__Work task__.
No pictures belong in the copy. Retype exactly, and only, the stretch of lines below from the one with "点击校友信息,可查看电子校友" through the one with "Store children's works-in-progress".

__Records to use__.
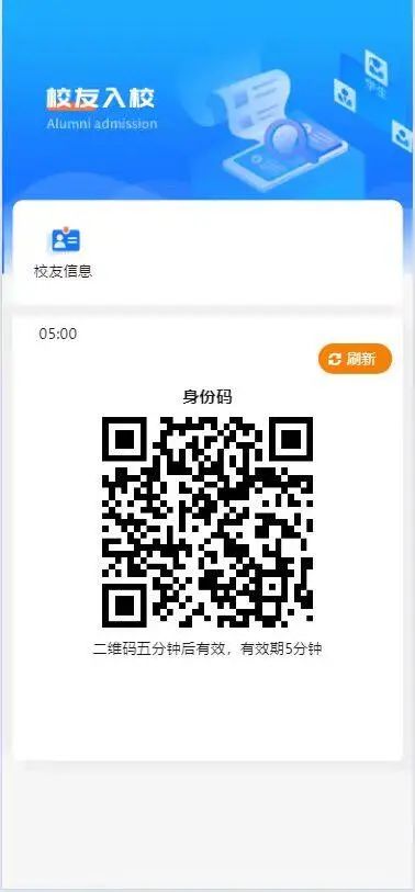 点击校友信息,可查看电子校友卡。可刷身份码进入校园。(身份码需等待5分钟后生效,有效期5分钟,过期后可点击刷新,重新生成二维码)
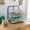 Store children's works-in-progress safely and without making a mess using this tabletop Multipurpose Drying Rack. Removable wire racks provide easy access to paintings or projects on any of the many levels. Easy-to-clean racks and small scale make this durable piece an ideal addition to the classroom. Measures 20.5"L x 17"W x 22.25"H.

* * *

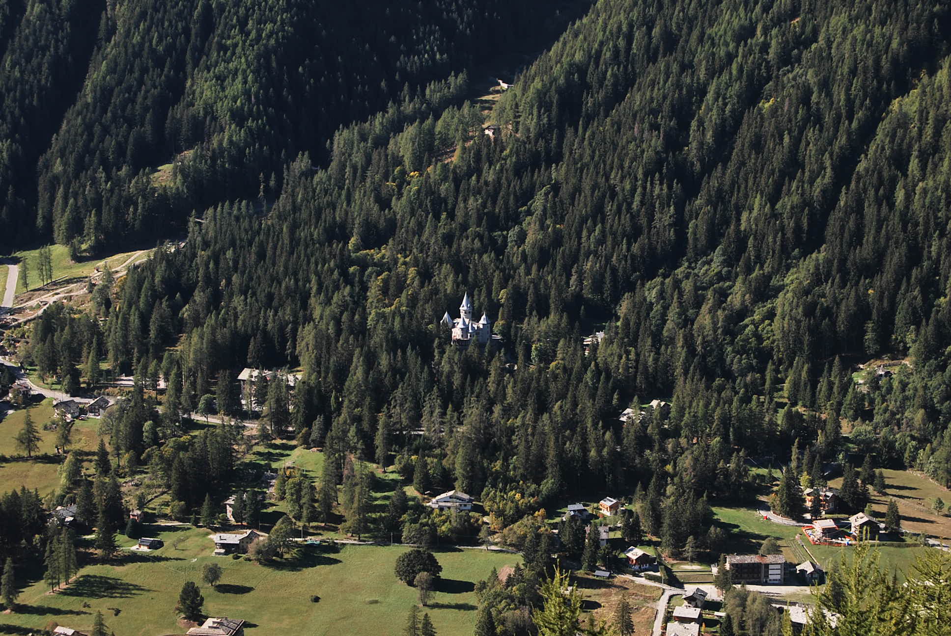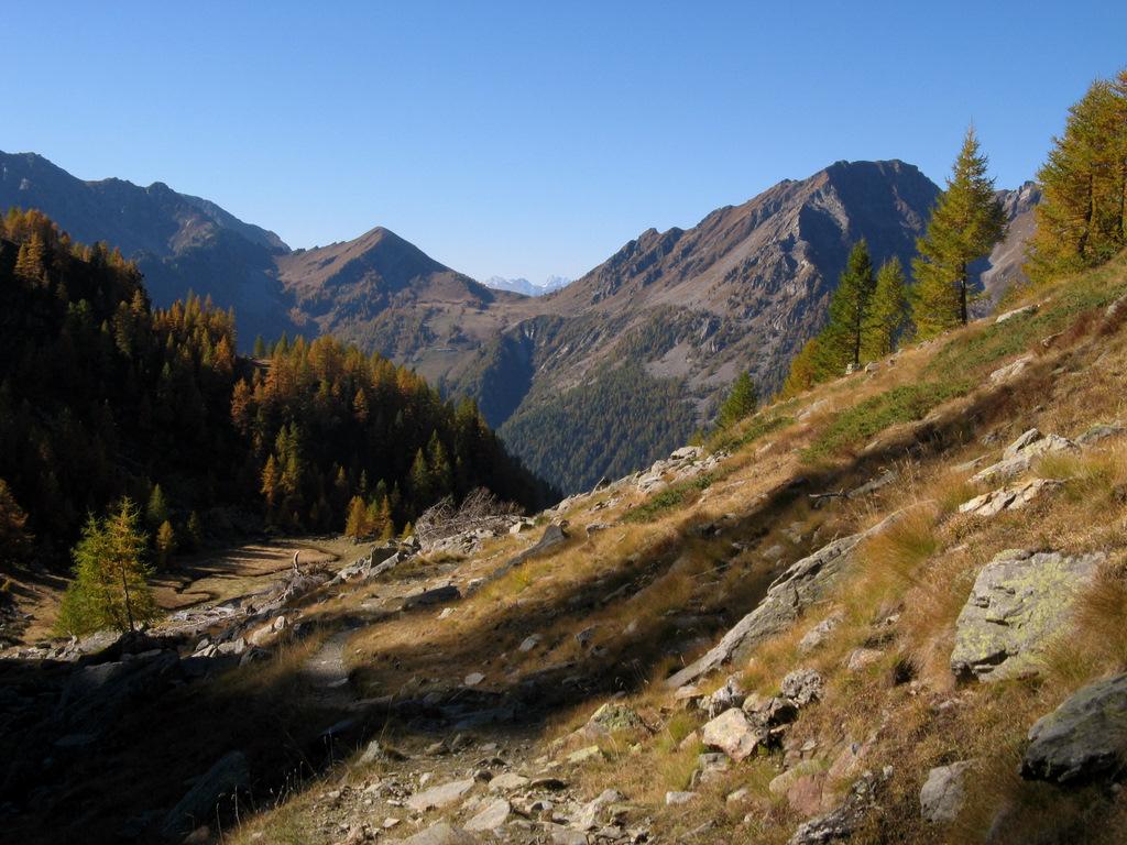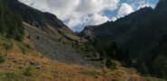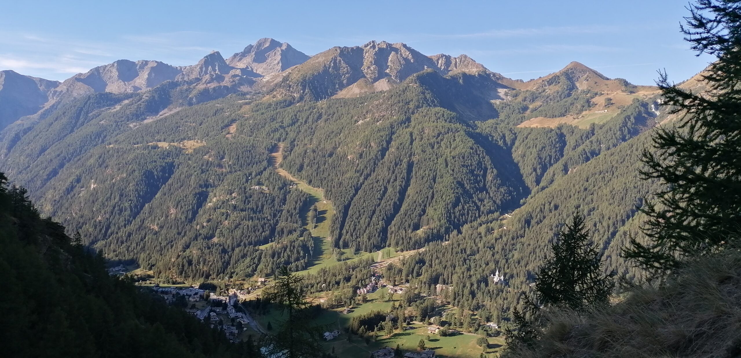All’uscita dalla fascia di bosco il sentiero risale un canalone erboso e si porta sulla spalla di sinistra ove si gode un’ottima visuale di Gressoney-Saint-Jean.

--

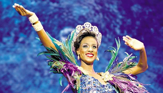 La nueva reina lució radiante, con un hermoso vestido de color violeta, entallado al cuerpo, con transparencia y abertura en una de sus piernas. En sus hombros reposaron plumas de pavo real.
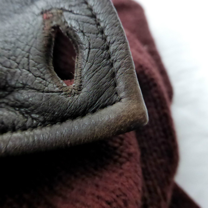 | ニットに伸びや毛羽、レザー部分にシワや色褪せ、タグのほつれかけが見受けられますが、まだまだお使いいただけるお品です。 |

__Task response__.
 点击校友信息,可查看电子校友卡。可刷身份码进入校园。(身份码需等待5分钟后生效,有效期5分钟,过期后可点击刷新,重新生成二维码)
 Store children's works-in-progress safely and without making a mess using this tabletop Multipurpose Drying Rack. Removable wire racks provide easy access to paintings or projects on any of the many levels. Easy-to-clean racks and small scale make this durable piece an ideal addition to the classroom. Measures 20.5"L x 17"W x 22.25"H.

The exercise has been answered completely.